Properties of hexadecaprenyl monophosphate/dioleoylphosphatidylcholine vesicular lipid bilayers.

Abstract. In our study we investigated hemispherical phospholipid bilayer membranes and phospholipid vesicles made from hexadecaprenyl monophosphate (C80-P), dioleoylphosphatidylocholine (DOPC) and their mixtures by voltammetric and transmission electron microscopy (TEM) techniques. The current-voltage characteristics, the membrane conductance-temperature relationships and the membrane breakdown voltage have been measured for different mixtures of C80-P/DOPC. The membrane hydrophobic thickness and the activation energy of ion migration across the membrane have been determined. Hexadecaprenyl monophosphate decreased in comparison with DOPC bilayers, the membrane conductance, increased the activation energy and the membrane breakdown voltage for the various value of C80-P/DOPC mole ratio, respectively. The TEM micrographs of C80-P, DOPC and C80-P/DOPC lipid vesicles showed several characteristic structures, which have been described. The data indicate that hexadecaprenyl monophosphate modulates the surface curvature of the membranes by the formation of aggregates in liquid-crystalline phospholipid membranes. We suggest that the dynamics and conformation of hexadecaprenyl monophosphate in membranes depend on the transmembrane electrical potential. The electron micrographs indicate that polyprenyl monophosphates with single isoprenyl chains form lipid vesicular bilayers. The thickness of the bilayer, evaluated from the micrographs, was 11 ± 1 nm. This property creates possibility of forming primitive bilayer lipid membranes by long single-chain polyprenyl phosphates in abiotic conditions. It can be the next step in understanding the origin of protocells.

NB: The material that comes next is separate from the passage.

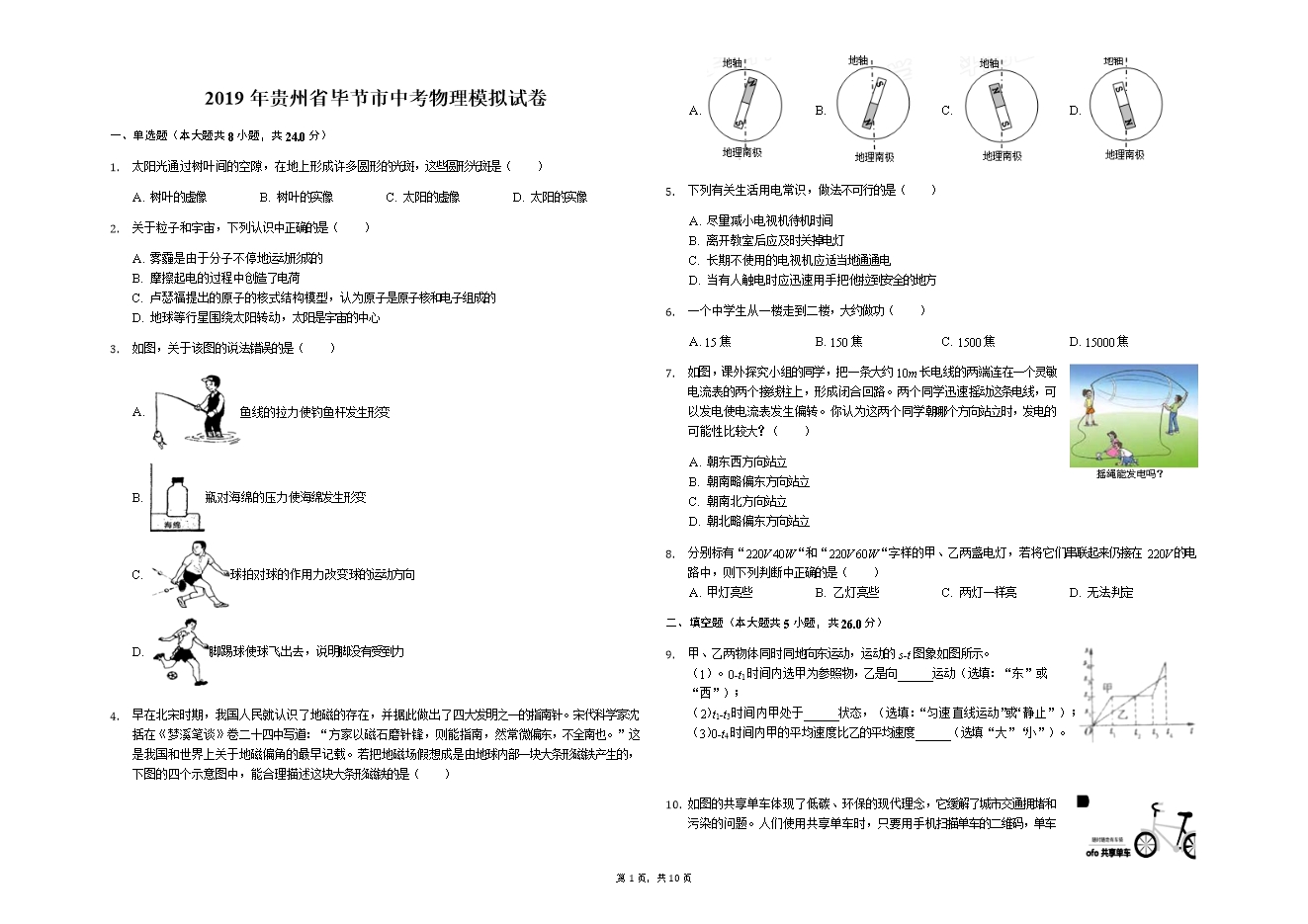 2019年贵州省毕节市中考物理模拟试卷(解析版)

Comparison of the influence of the polyprenol structure on model membranes

Abstract Polyprenols have been found in many bacterial and plant membrane fractions. Long-chain polyprenols with 12–100 isoprene residues have been isolated from the green leaves of Spermatophtyta. The pattern of polyprenols is species-specific. Polyprenyl phosphates are obligatory intermediates in the biosynthesis of sugar polymers and formation of glycoproteins. Model membranes (BLM and liposomes) made from phospholipid and polyprenols with different number of isoprene residues were investigated in the present study. The electrical (the membrane breakdown voltage and the membrane capacitance) and mechanical properties (the membrane hydrophobic thickness and membrane Youngs modulus) of model membranes were measured by the voltammetric technique. The vesicle morphology was analysed by TEM. Polyprenols change studied parameters of membranes appear to increase the fluidity of phospholipid bilayers and destabilize membranes. This effect depends on the number of isoprene units in the polyprenol molecule. The micrographs show that lipid vesicles prepared from PC are regular whereas lipid vesicles prepared from prenol/ phospholipid, besides regular structures, form several irregular characteristic structures. The results can be regarded as the evidence that lipids may directly influence the activity of biological membranes by changing their fluid-crystalline properties. Some functions of polyprenols in bilayers are connected with modification of some properties of the membranes.